Hoell and Tekle aim to make reuse as routine as recycling. They envision a “fourth bin” for reusables, next to trash, recycling and food scraps.

Dispatch Goods runs weekly pickup routes, much like curbside waste collection. Users schedule home pickup, and drivers retrieve tins along with reusable items from other companies such as mason jars and meal kit freezer packs, which the company sells to grocery stores and other businesses that want to use upcycled packaging.

Regulation and public partnerships could help build a more robust reuse system, said Sarah Currie-Halpern, co-founder of waste reduction consultancy Think Zero. “I don’t think that the private sector can bring reusables mainstream on its own.”

A small tax on disposables could fund new return kiosks and dishwashing facilities, she said, and local governments could support fledgling companies. The city of Boulder, for example, partnered with RepEATer on its reusable takeout container program, offering grant funding and helping it attract new restaurants and diners. Several cities and states are moving to restrict or ban single-use plastics in restaurants. In Germany, restaurants that offer takeout will be required to offer reusable containers starting in 2023.

Hoell is confident her reuse model can work outside the dense, eco-conscious enclaves of northern California, noting that delivery services like DoorDash and Instacart are flourishing in the suburbs and the zero-waste movement has lots of momentum.

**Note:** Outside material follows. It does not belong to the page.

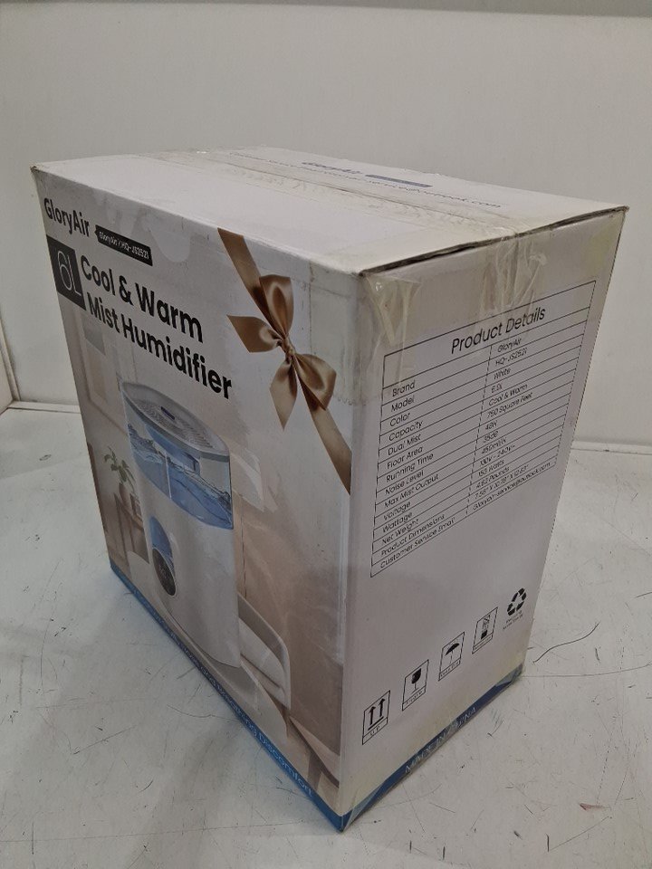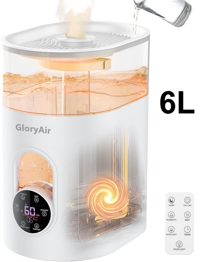 GloryAir Quiet Top Fill Cool & Warm Mist Humidifier with Smart Humidity Control, Remote Control, Humidistat and Oil Diffuser - 6 Litres - White (Model: HQ-JS2521)
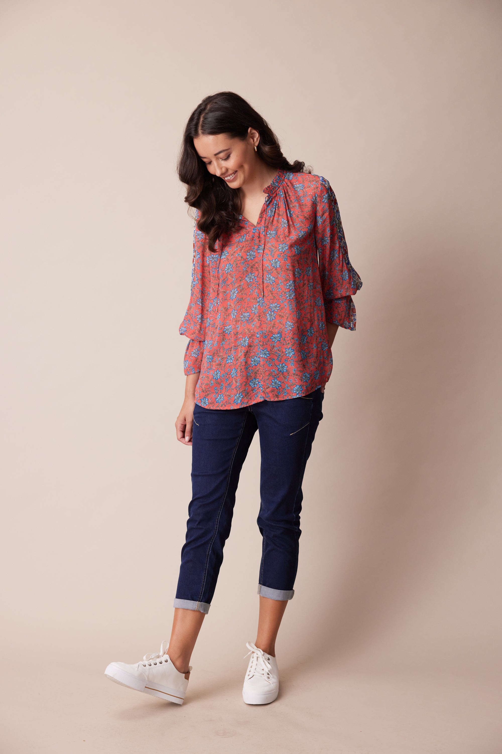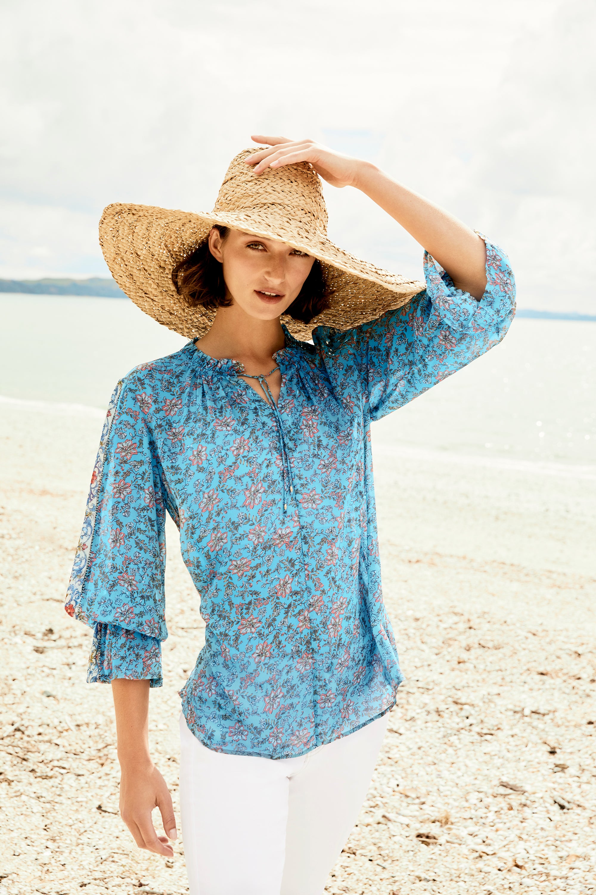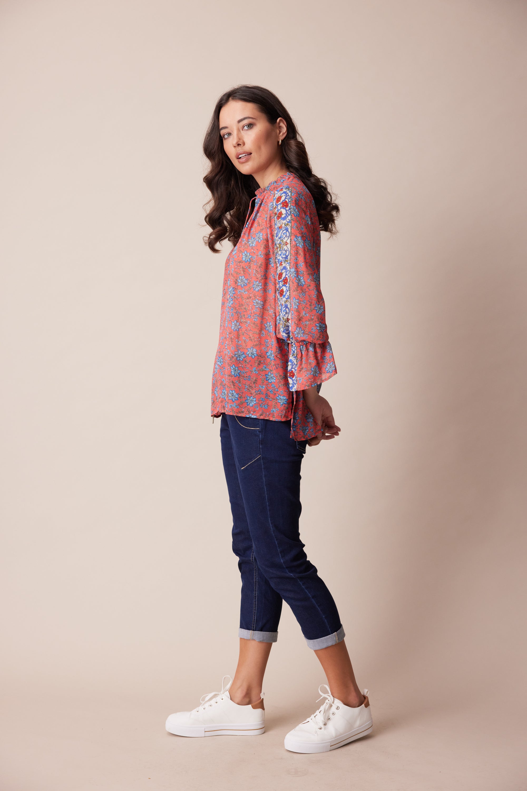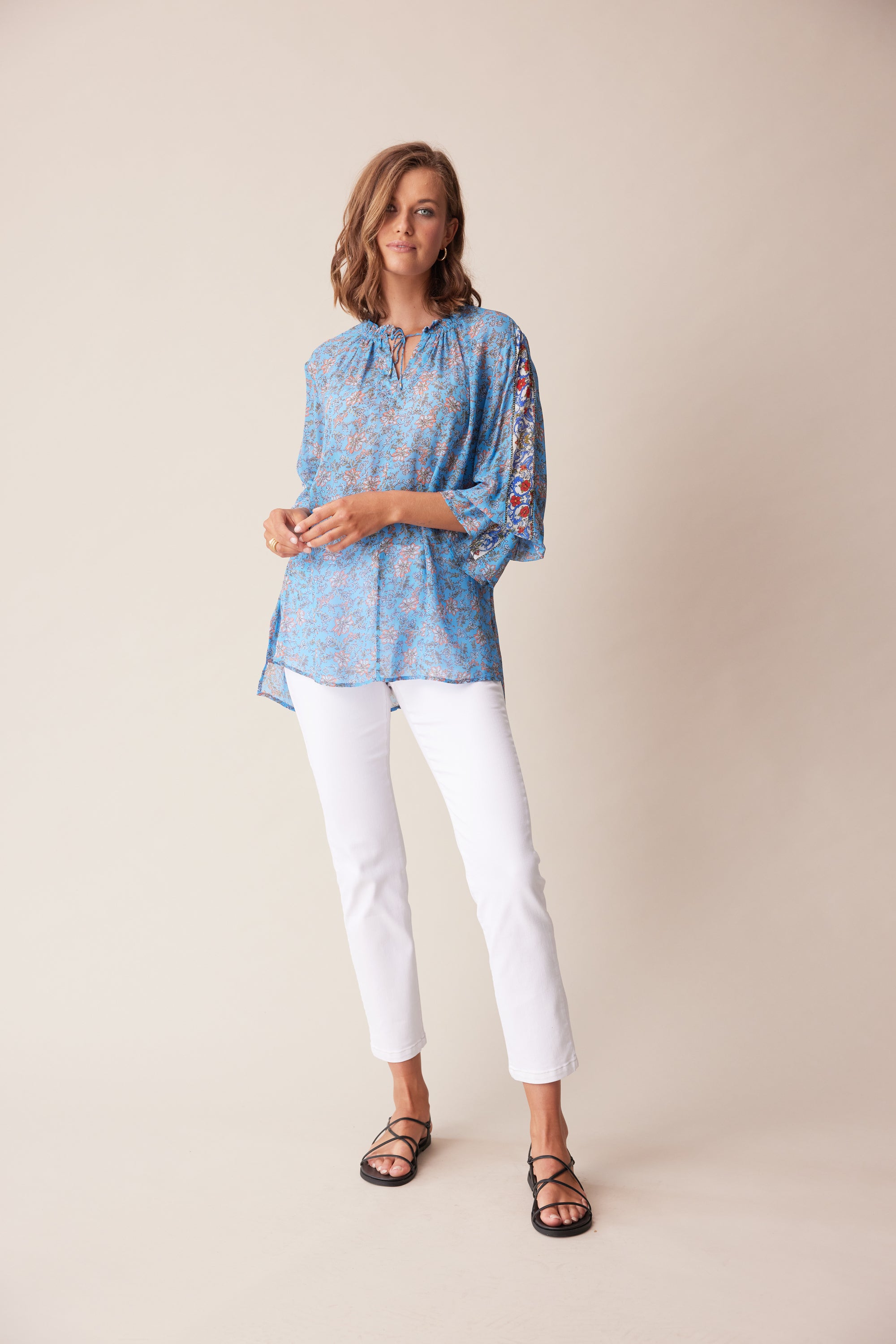 A delicate floral print blouse with full sleeves, elevated by the ornate border print at the overarm. The gathered neckline culminates in a V split opening and rouleaux ties at the front with shiny gold metal tie ends.

“It may be a while before we are in rural Arkansas, but all metro areas with populations over 500,000 are opportunities for the fourth bin system,” she said.

Sweeney, too, is optimistic. She said that New York, where some residents have never turned on their ovens, is uniquely positioned. “But across the world people are eating food they didn’t make themselves,” she said. “There’s a market for sustainable reusable systems everywhere.”